Marijuana activists push legalization of medical cannabis in Costa Rica
When you hear the phrase “cannabis advocate,” you might picture someone with wild hair and a Bob Marley T-shirt. But Gerald Murray is nothing like that. At a news conference on Tuesday morning, he was smartly groomed and wore a blazer. His organization, Marihuana Medicinal Costa Rica, had prepared a traditional panel, complete with slideshow, hors d’oeuvres, and a pitcher of water.
Murray also brought in experts from the field: Valerie Corrall, founder and president of Wo/Men’s Alliance for Medical Marijuana, based in Santa Cruz, California, and Alec Dixon, co-founder of SC Labs, which specializes in researching and testing medical marijuana.
“The promise for success in Costa Rica is probably greater than in any other country in the world,” Corrall said.
“Costa Rica provides education and health care to all its citizens. It only takes a minute for that education to take fire,” she said. “It can provide jobs. It can provide an alternative to corporatized and commodified medicine.
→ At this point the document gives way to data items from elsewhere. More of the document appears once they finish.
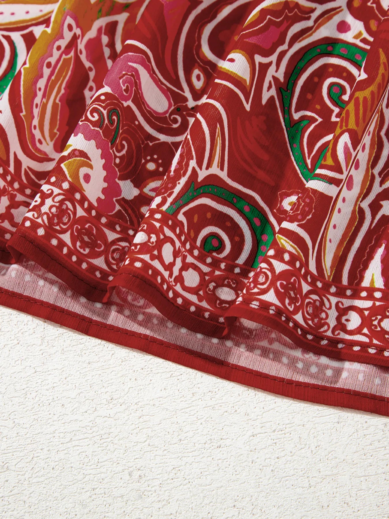 Multicolour Ethnic Paisley Print Tassel Tie Puff Sleeve Boho Blouse
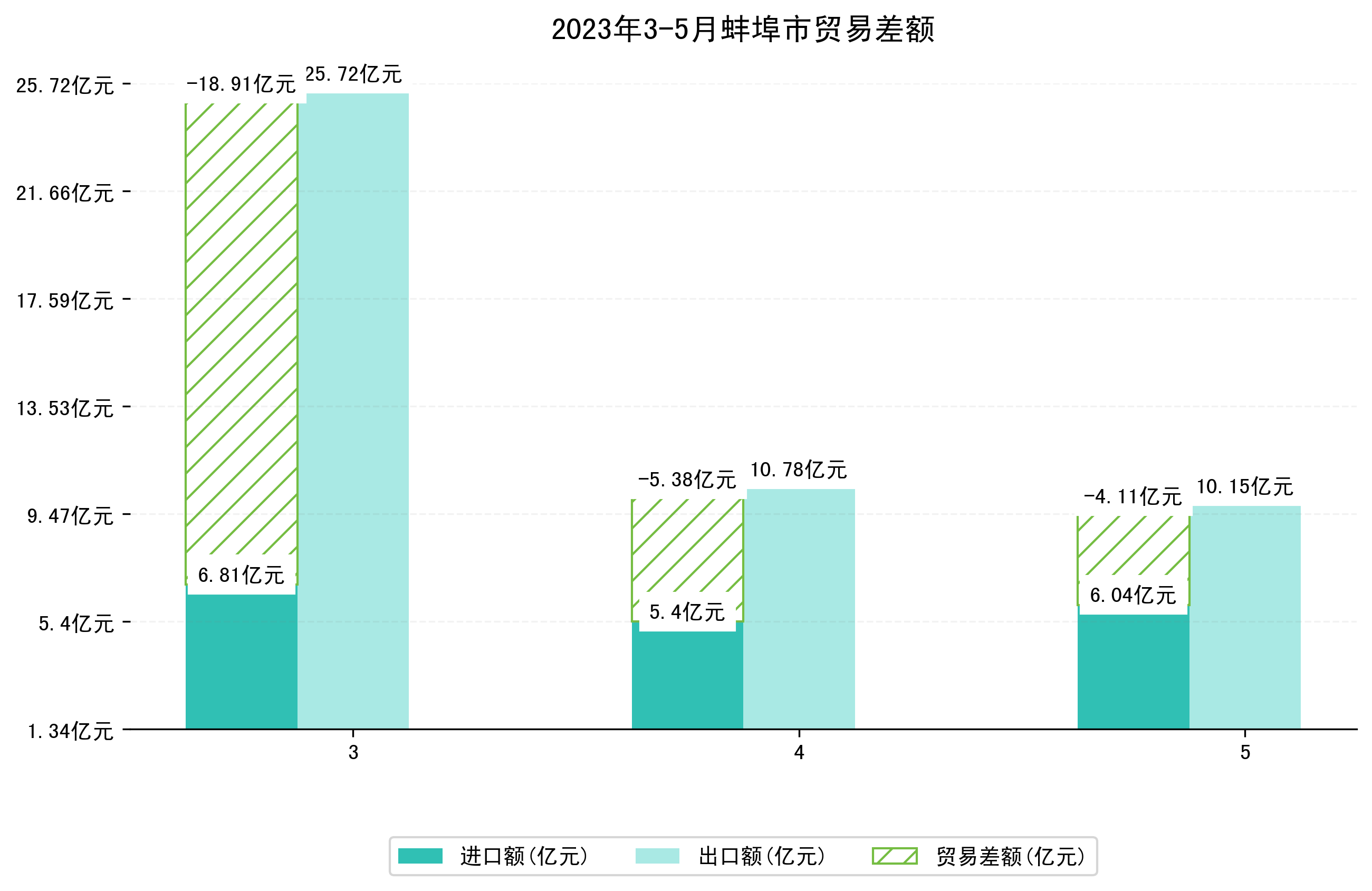 2023年5月蚌埠市进出口总额及进出口差额统计分析
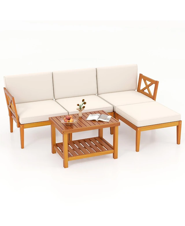 5PCS Patio Rattan Furniture Set Sectional Conversation Sofa w/ Coffee Table
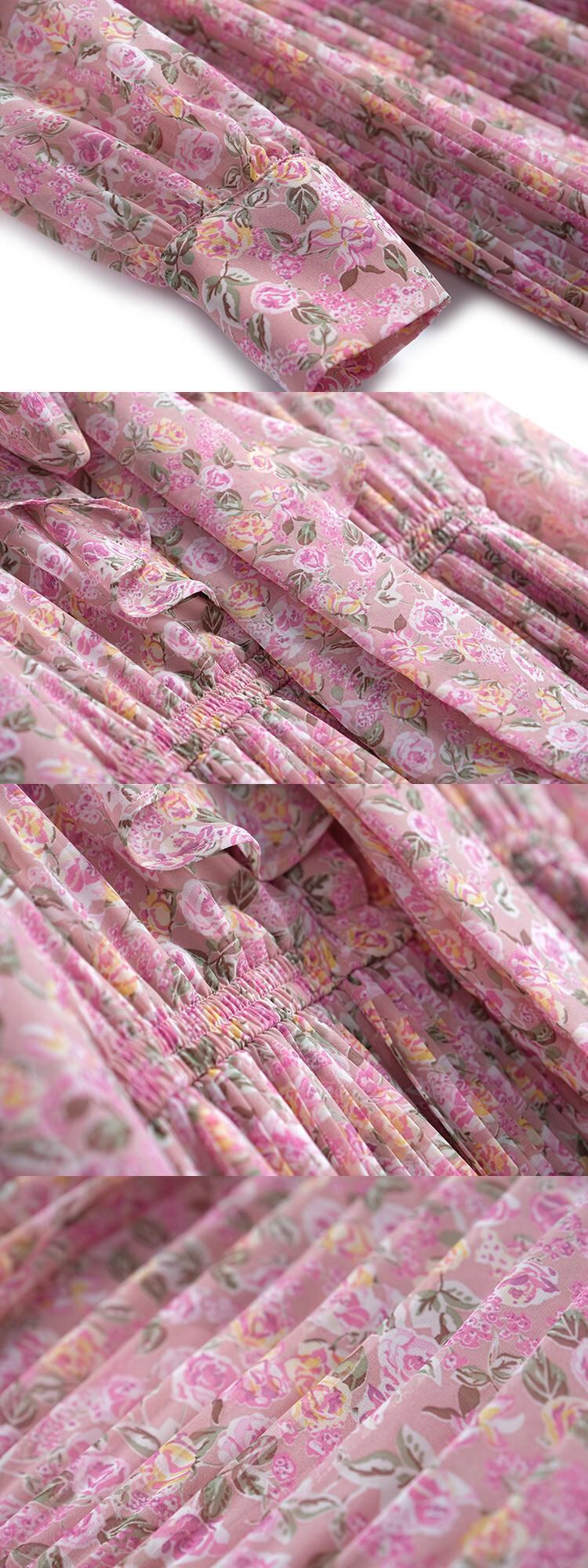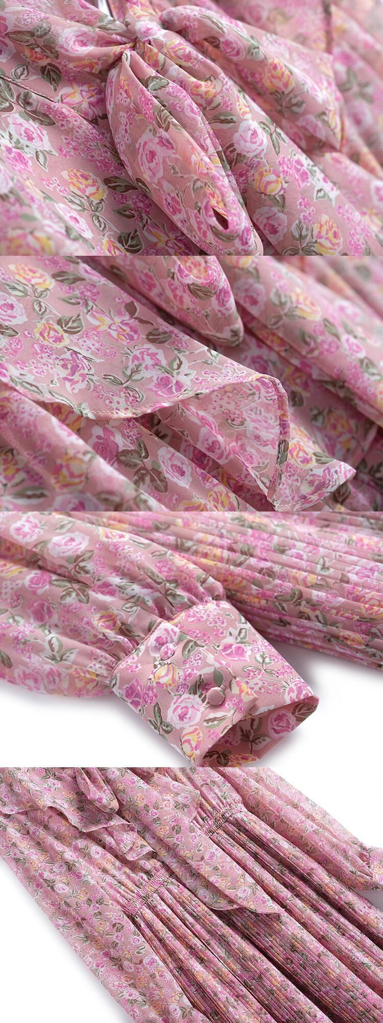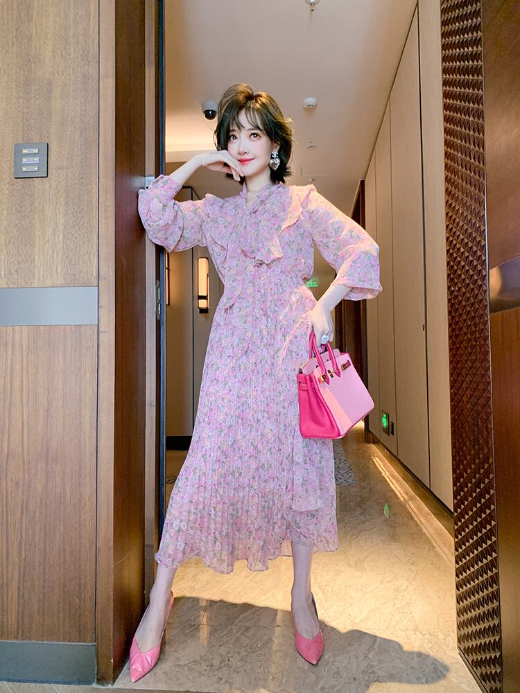 プリント柄リボンハイウェストウェストプリーツドレス スプリング 春物 MIUCO40474981491
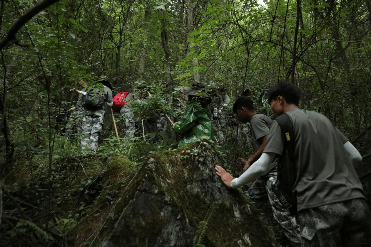 “要是没护林员提前开路引水,这路根本走不了。”队员张岩抹了把脸上的雨水,语气里带着感慨。雨水汇成溪流,将本就狭窄陡峭的山路冲刷得泥泞不堪。裸露的石板、石块覆盖着湿滑的青苔,每一步都需万分小心。“小心!小心!大家一定要踩实了!”队员们互相鼓励、关切的声音在雨中不断响起。即便如此,队员们还是接二连三地滑倒,泥浆沾满了衣裤,但无人抱怨,只是爬起来抹把脸,伸手拉一把后面的人。

It could really work in this country.”
Murray said legalizing medical marijuana in Costa Rica would “set an example.”
“People will see that it is beneficial,” he said.
In 2010, Murray helped campaign for Proposition 19 in California, which would have legalized marijuana for recreational use and taxed it. The proposition was ultimately defeated. Murray has continued his work for legalization in his native Costa Rica, where the movement is picking up.
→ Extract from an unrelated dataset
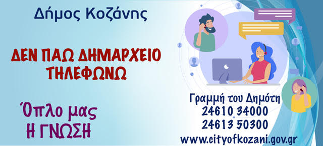 Ο Δήμος Κοζάνης έχοντας ως στόχο την προάσπιση της δημόσιας υγείας και μοναδικό γνώμονα την προστασία των δημοτών, καλεί όλους του πολίτες να μειώσουν στο ελάχιστο την προσέλευσή τους στο Δημαρχείο, καθώς και σε όλες τις υπηρεσίες του.
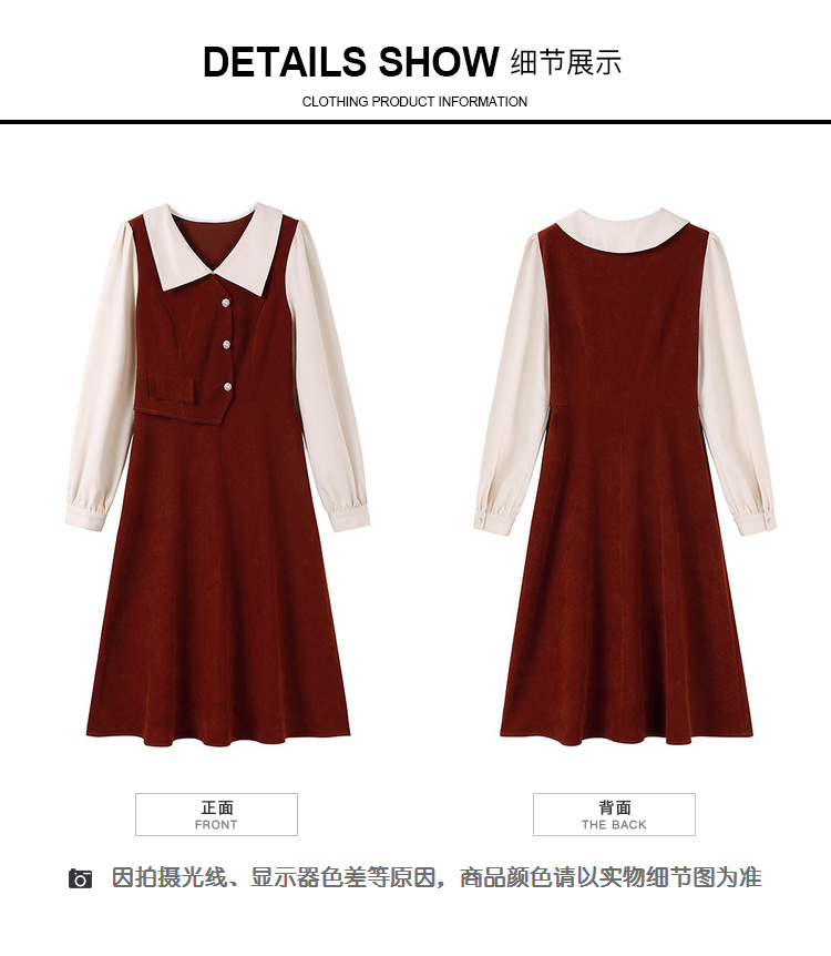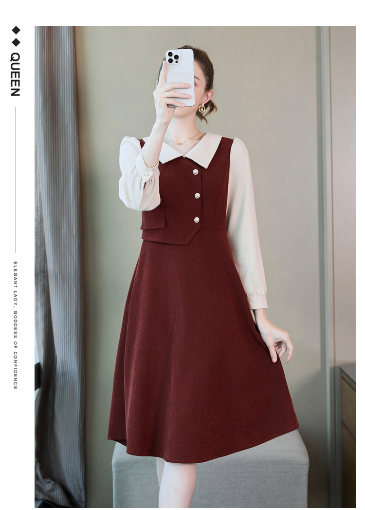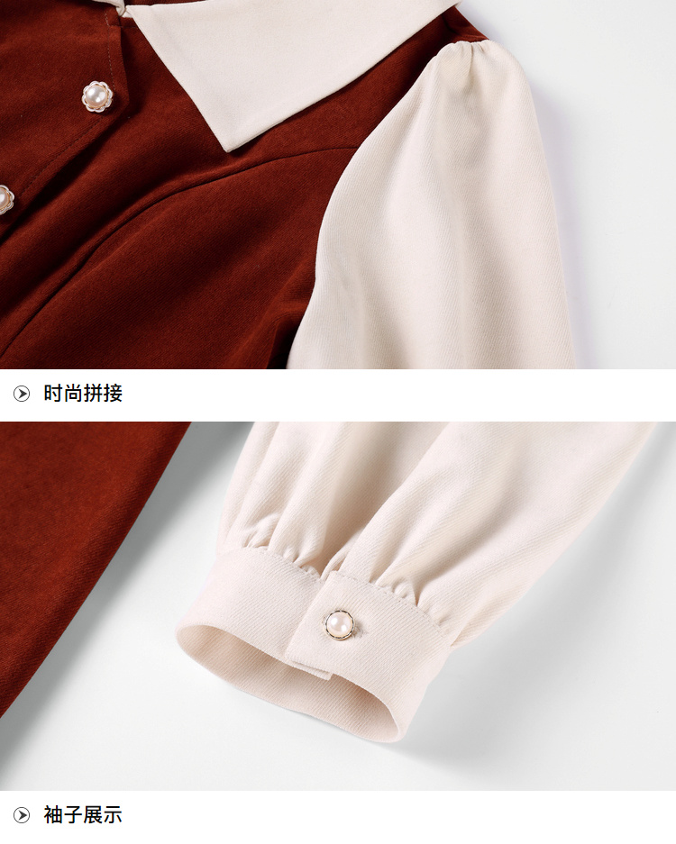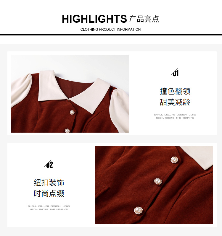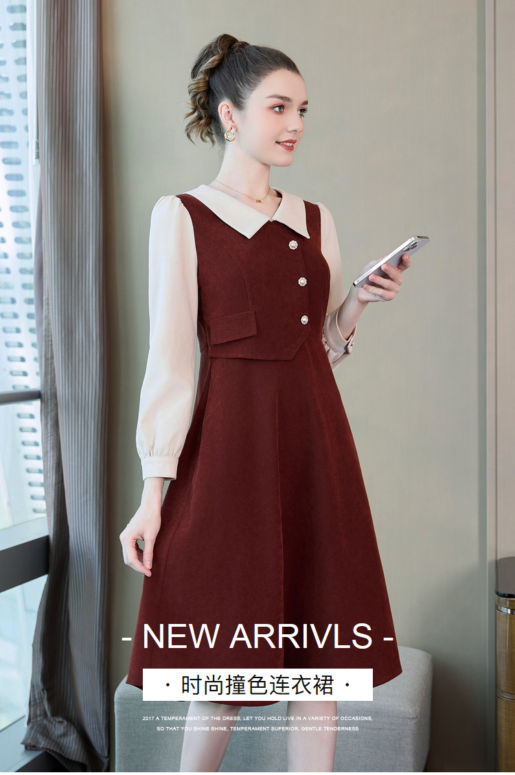 奢姿2024年秋季新冬大码女装翻领撞色裙子胖mm复古钉珠时尚连衣裙9934891135

Last August, Citizen Action Party lawmaker Marvin Atencio presented a bill to legalize medical marijuana and hemp production. President Luis Guillermo Solís has said he doesn’t support fully legalizing marijuana but does support decriminalizing it.
For the moment, the future of marijuana in Costa Rica is hazy, despite its popularity. A 2014 survey by the University of Costa Rica concluded that 53 percent of the country’s population supports the use of medical marijuana. Possession of small amounts of cannabis has been effectively decriminalized.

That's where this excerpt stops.